__PROBLEM DESCRIPTION__
Could you retype exactly the lines below between the one holding "house plants overwatering." and the one holding "Himalaya Herbals Intensieve", inclusive, leaving out any pictures?

__Stored items from a collection__
|---|
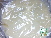Накрываем впритык к крему пищевой плёнкой, чтобы не образовалась корочка и крем не остыл раньше времени (он нам нужен тёплым). |
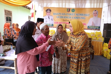 LAMPUNG SELATAN Jejaring09.com Ketua Lembaga Koordinasi Kesejahteraan Sosial (LKKS) Provinsi Lampung Ibu Riana Sari Arinal membagikan bantuan 200 paket sembako, dalam rangka memperingati Hari Anti Narkoba Internasional, di Jl. Moch Ali, Dusun Marga Kaca, Desa Pemanggilan, Kecamatan Natar, Kabupaten Lampung Selatan, Sabtu (19/8/2023).
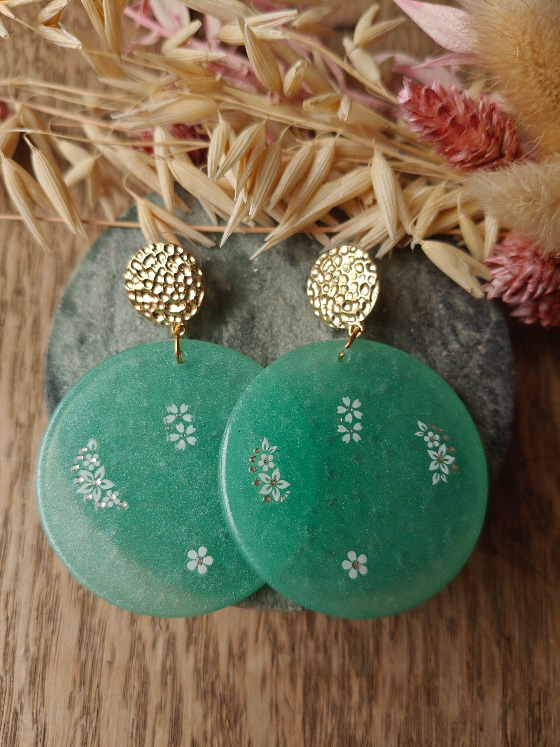 Oorbel UITVERKOOP 6: groene oorbellen met Witten bloemen
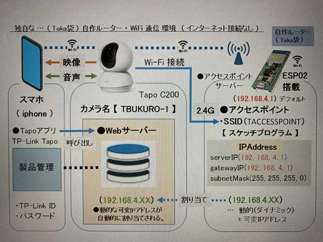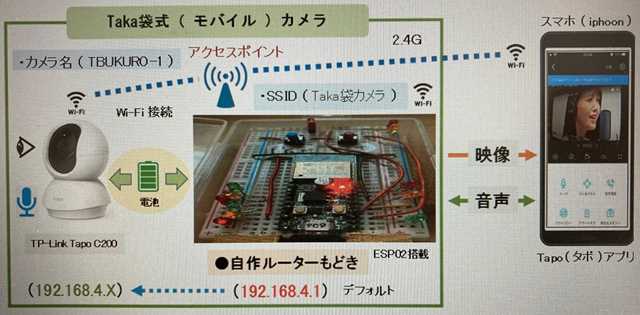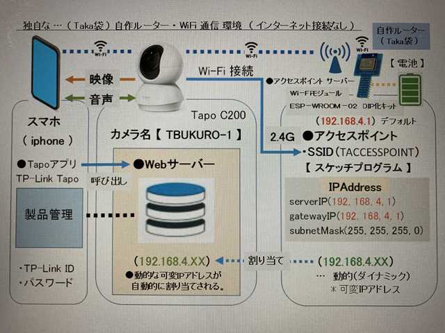 ・ ●モバイル的な、電池駆動の構成で接続してみます。 ・ ・ ■電池駆動 … 自作ルーターもどき ・ ・ ■電池駆動 … クライアント機器( ネットワークカメラ )
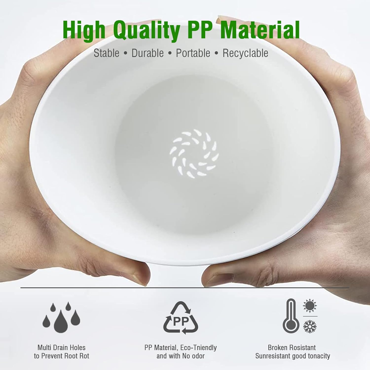 • DROP-SHAPED DRAINAGE HOLES & REMOVABLE SAUCER - Each flower pot have 20 drainage holes at the bottom that help to drain excess water effectively and quickly, but the drop-shaped holes can be prevent the soil from draining with the water. Also prevent house plants overwatering.
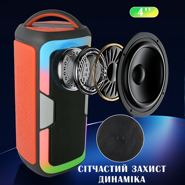Портативная Bluetooth колонка JQS4407 с микрофоном, пультом и RGB-подсветкой
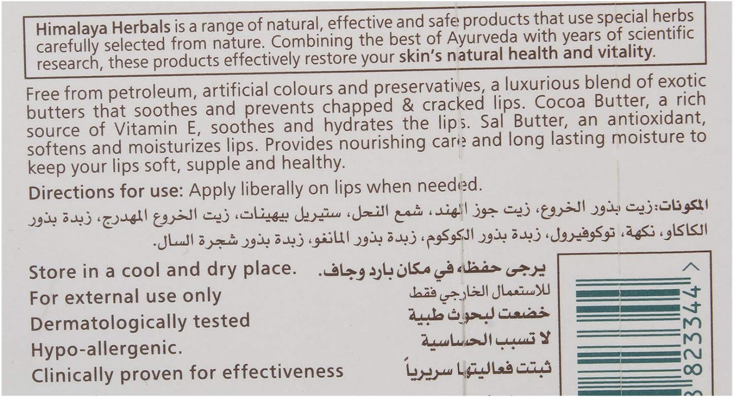Himalaya Herbals Intensieve hydraterende lippenbalsem met cacaoboter/intensieve hydraterende lippenbalsem met cacaoboter, 4,5 g
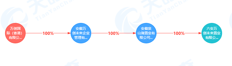 中國網財經查詢發現,六安萬創未來置業有限公司的股東為安徽泉山湖置業有限公司,持股比例100%,安徽泉山湖置業有限公司的股東為安徽萬創未來企業管理有限公司,持股比例100%;安徽萬創未來企業管理有限公司的股東為萬創國際(香港)有限公司,持股比例100%。
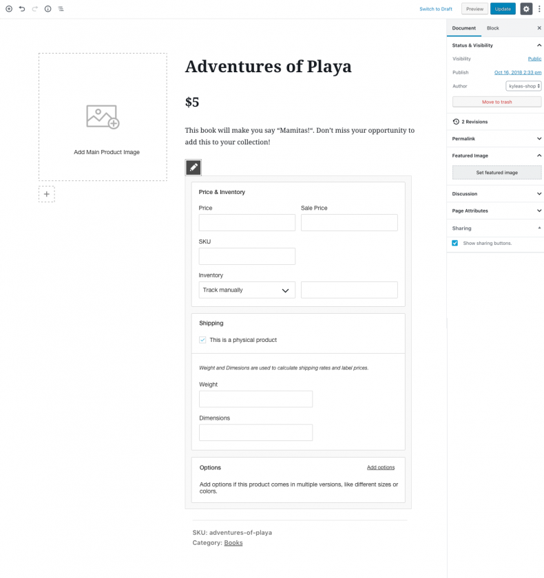 Pero en un futuro cercano, seguramente este mismo año, dentro de la fase 2 de Gutenberg, está ya previsto que WooCommerce convierta el actual editor de productos a bloques, como en el siguiente boceto:
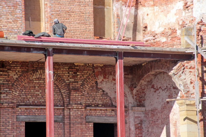 Несмотря на то что многие очевидцы и читатели нашего издания не верили, что господин Руднев сможет обойтись без сноса, почти все старые стены были сохранены, а утраченные элементы воссозданы из кирпича. Сейчас здание имеет кровлю, задний фасад получил очертания террасы.
|---|
__TASK ANSWER__
 • DROP-SHAPED DRAINAGE HOLES & REMOVABLE SAUCER - Each flower pot have 20 drainage holes at the bottom that help to drain excess water effectively and quickly, but the drop-shaped holes can be prevent the soil from draining with the water. Also prevent house plants overwatering.
Портативная Bluetooth колонка JQS4407 с микрофоном, пультом и RGB-подсветкой
Himalaya Herbals Intensieve hydraterende lippenbalsem met cacaoboter/intensieve hydraterende lippenbalsem met cacaoboter, 4,5 g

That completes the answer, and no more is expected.